Tensor category describing anyons in the quantum Hall effect and quantization of conductance
Sven Bachmann, Matthew Corbelli, Martin Fraas, Yoshiko Ogata
TL;DR
This work proves that Hall conductance κ in an infinite-plane quantum Hall setting is rational whenever the low-energy excitation content forms a finite braided C*-tensor category 𝓜 of anyons. By constructing a U(1)–symmetric framework and a current observable J, the authors connect κ to the braiding statistics via θ(ρ,ρ) = e^{-{i} (2π)^2 κ} for a simple object ρ in 𝓜. The paper then shows that if 𝓜 has finitely many simple objects, there exists p such that 2π κ ∈ ℤ/p, i.e., κ is rational; this extends prior finite-volume and invertible-state results to the infinite-plane setting without Local Topological Quantum Order (LTQO) assumptions. The approach relies on the Doplicher–Haag–Roberts (DHR) framework for superselection sectors adapted to lattice systems and yields a uniform, category-theoretic perspective on the interplay between macroscopic transport and microscopic anyon statistics, with potential implications for understanding fractional quantum Hall signals in realistic models.
Abstract
In this study, we examine the quantization of Hall conductance in an infinite plane geometry. We consider a microscopic charge-conserving system with a pure, gapped infinite-volume ground state.
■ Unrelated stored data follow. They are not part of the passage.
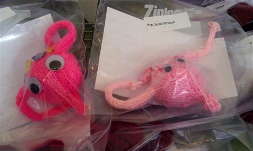 More than a dozen Arizona state legislators are the lucky recipients of knitted uteruses, complete with creepy endearing googly eyes. They arrived Thursday in plastic bags, accompanied by personalized letters from women opposing a state measure that would limit birth control coverage. The legislation goes to a vote next week.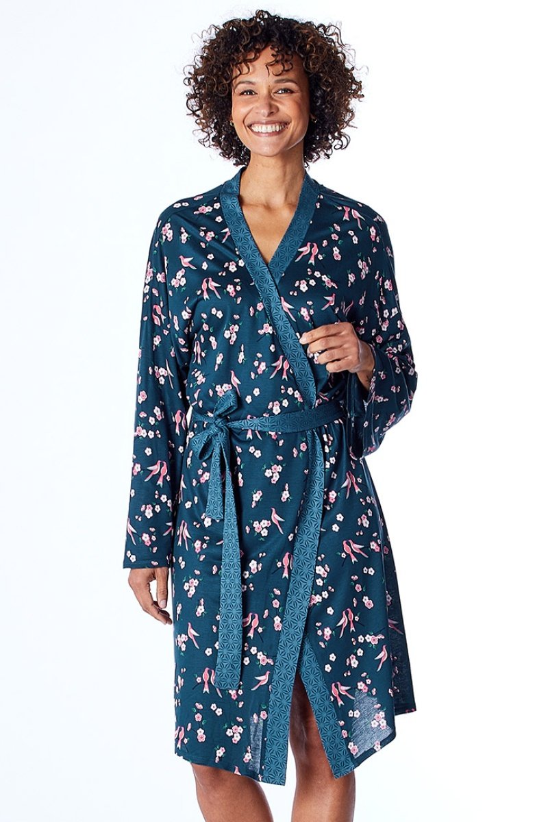 Déshabillé Nuit japonaise - Bleu nuit et rose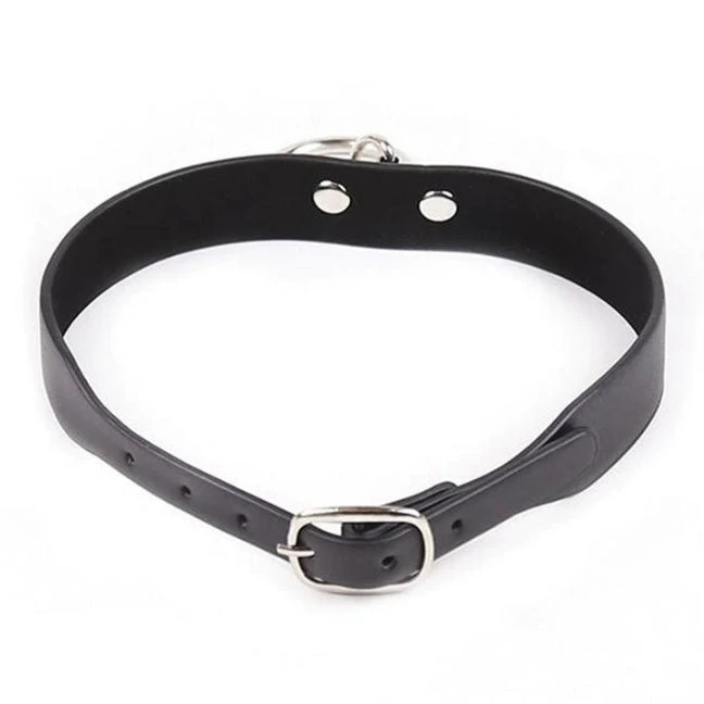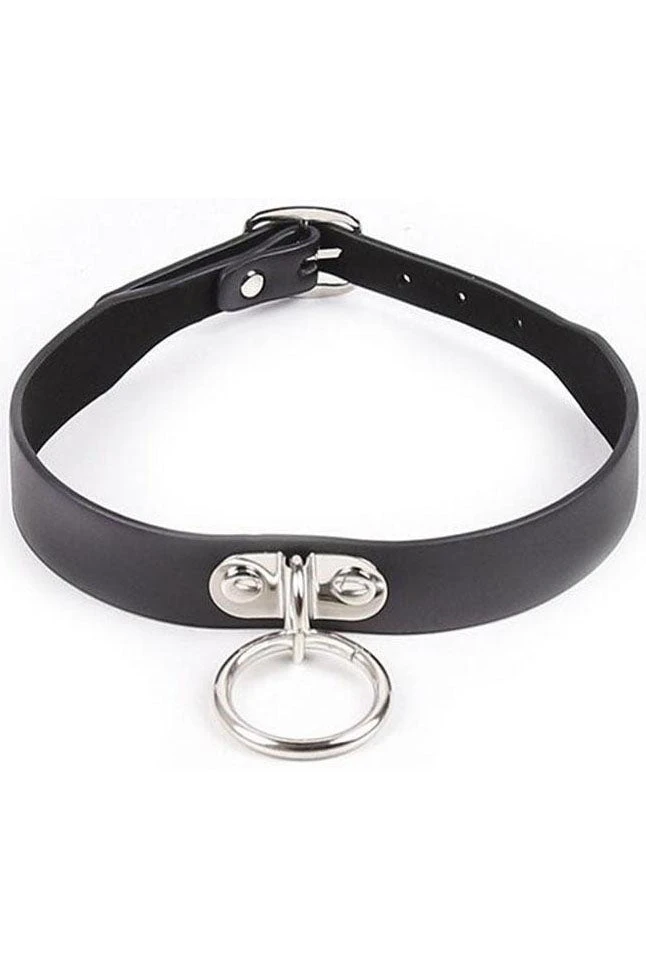 Black Faux Leather Gothic Collar with silver tone O-ring Detail.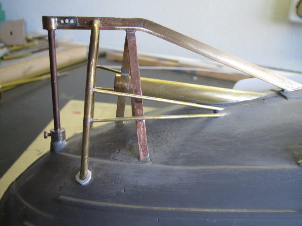 De romp van de Makerboot is al voorzien van allerhande zaken die je niet snel terug vindt bij een andere boot. Zeker het gedeelte rond de schroef en het roer. Hier is niets recht. Alles staat onder een hoek. Ook het roer is niet glad en strak. Wil je het maken zoals het hoort, dan kun je de lol op. Een uitdaging dus. Stangen, beugels en steunen zijn gemaakt van messing en koper. Het roer is van ureool (kunststofblok materiaal). De boven en onderzijde van het roer zijn van dun ijzer plaatmateriaal.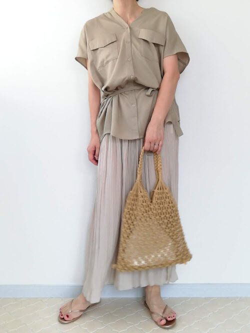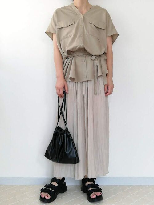 ロングスカートは、ウエストマークするとバランスがよくなりスタイルアップ効果も!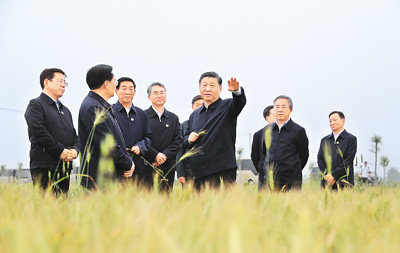 5月14日上午,习近平在河南省南阳市主持召开推进南水北调后续工程高质量发展座谈会并发表重要讲话。图为座谈会前,习近平于13日在考察途中临时下车,走进一处麦田察看小麦长势。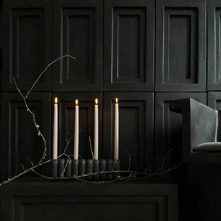 Tube lysestage Coffee fra danske 101 Copenhagen er designet af Kristian Sofus Hansen & Tommy Hyldahl og er fremstillet af keramik, der er håndlakeret. Brug den 70'er-inspirerede hvide lysestage sammen med kronlys og placer den på hylden i stuen for en varm og hjemlig følelse.

While Hall conductance is well-defined in this scenario, existing proofs of its quantization have relied on assumptions of either weak interactions, or properties of finite volume ground state spaces, or invertibility. Here, we assume that the conditions necessary to construct the braided $C^*$-tensor category which describes anyonic excitations are satisfied, and we demonstrate that the Hall conductance is rational if the tensor category is finite.